*Task to carry out:*
Print the data verbatim. Leave every image out.

*Recorded information:*
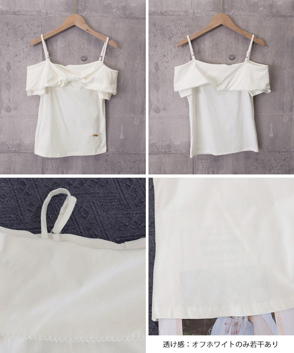 ビッグリボンオフショルカットソー 韓国風 きれいめトップス 大人可愛いカットソー肩見せ デコルテ見せトップス華奢見え夏服
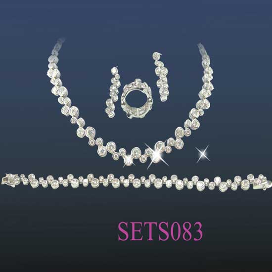 The sterling silver jewelry set in this picture comes with a pair of earrings, a ring, a bracelet and a necklace. Each piece has a quality rhodium finish to flaunt brilliance. This silver jewelry set makes a fascinating gift idea for different occasions.
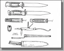 Production largely made the SG 42 from stamped sheet metal parts. The handle scales and sheath are inexpensive and quickly produced, molded phenolic resin parts. The blade length was 179.5 mm (7.07 in), the total length was 304 mm (12.0 in) (317 mm (12.5 in) with sheath). The blade had a fuller. The knife contained a detachable toolkit in the handle that individuals could use for rifle maintenance and other tasks. The toolkit included a screwdriver, small knife, awl, and a corkscrew. The protective bracket of the handle served as a cartridge case extractor.
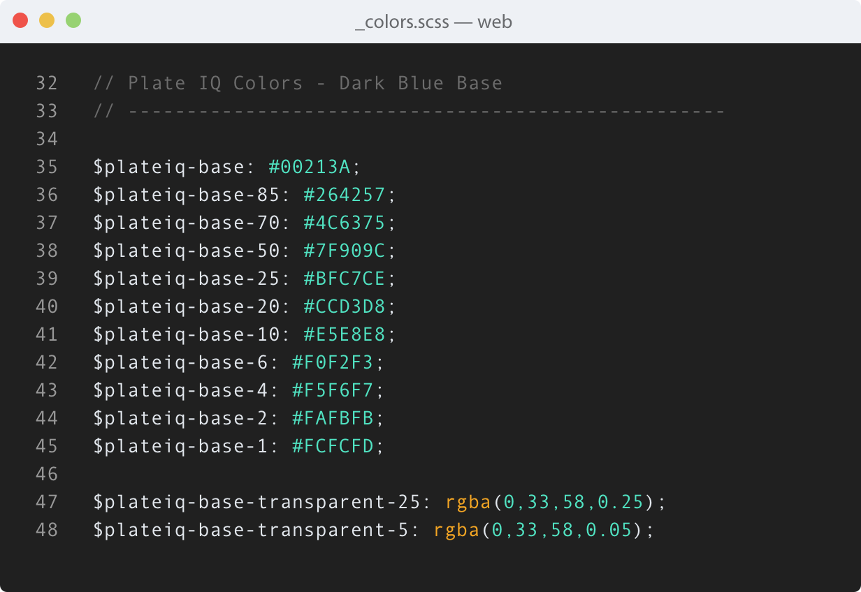 To make the overall Plate IQ UX more consistent, I created a color system, then applied it to components.

*Result for this task:*
 ビッグリボンオフショルカットソー 韓国風 きれいめトップス 大人可愛いカットソー肩見せ デコルテ見せトップス華奢見え夏服
 The sterling silver jewelry set in this picture comes with a pair of earrings, a ring, a bracelet and a necklace. Each piece has a quality rhodium finish to flaunt brilliance. This silver jewelry set makes a fascinating gift idea for different occasions.
 Production largely made the SG 42 from stamped sheet metal parts. The handle scales and sheath are inexpensive and quickly produced, molded phenolic resin parts. The blade length was 179.5 mm (7.07 in), the total length was 304 mm (12.0 in) (317 mm (12.5 in) with sheath). The blade had a fuller. The knife contained a detachable toolkit in the handle that individuals could use for rifle maintenance and other tasks. The toolkit included a screwdriver, small knife, awl, and a corkscrew. The protective bracket of the handle served as a cartridge case extractor.
 To make the overall Plate IQ UX more consistent, I created a color system, then applied it to components.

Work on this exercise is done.